Raw phenotypes and semantic similarity matrix for one entity (Aim 1)

uyedaj commented 6 years ago

For Aim I, @sergeitarasov and @uyedaj need: An entity with good data coverage in phenoscape (e.g. dorsal fin) and all of the raw phenotypes and taxa.

We then need the raw phenotypes made into a semantic similarity matrix (Jaccard's) by @balhoff that gives us all pairwise similarities for all the phenotypes that we have.

wdahdul commented 6 years ago

Paula and I found that the term 'pectoral fin spine' for Siluriformes (catfishes) has broad categories of qualities associated with it, and the corresponding tree is available in OpenTree.

@balhoff can you send @sergeitarasov and @uyedaj the datasets mentioned above for 'pectoral fin spine' and 'Siluriformes'?
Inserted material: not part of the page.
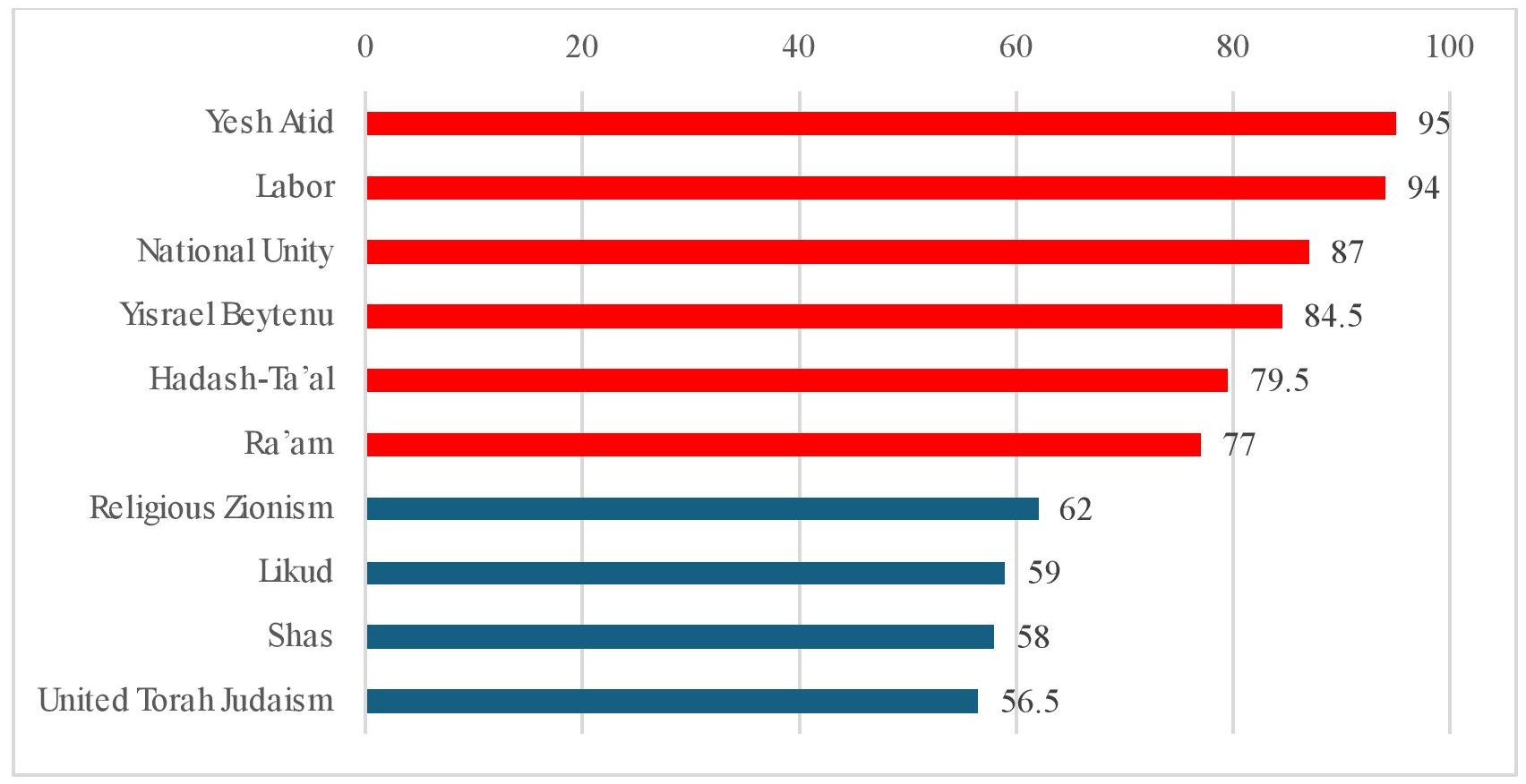 - A particularly interesting finding is that even among those who voted for coalition parties in the 2022 elections, a clear majority of voters for each party support the establishment of a state commission of inquiry to investigate the events of October 7.
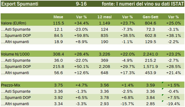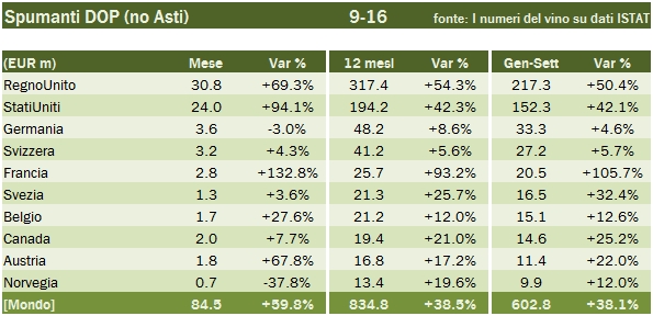 Esportazioni di spumante / Italia – aggiornamento settembre 2016

wdahdul commented 6 years ago

@sergeitarasov @uyedaj
For the tree, there's a ‘catfish’ collection in Open Tree with 13 trees that we uploaded a few years ago corresponding to taxa with data annotated in Phenoscape. We need to get a customized and synthetic tree for catfishes that includes the curated phylogenies in the tree collection. As I understand, this needs to be requested from OT. Have you done this before? I’ve asked Laura for more details, can update you next week.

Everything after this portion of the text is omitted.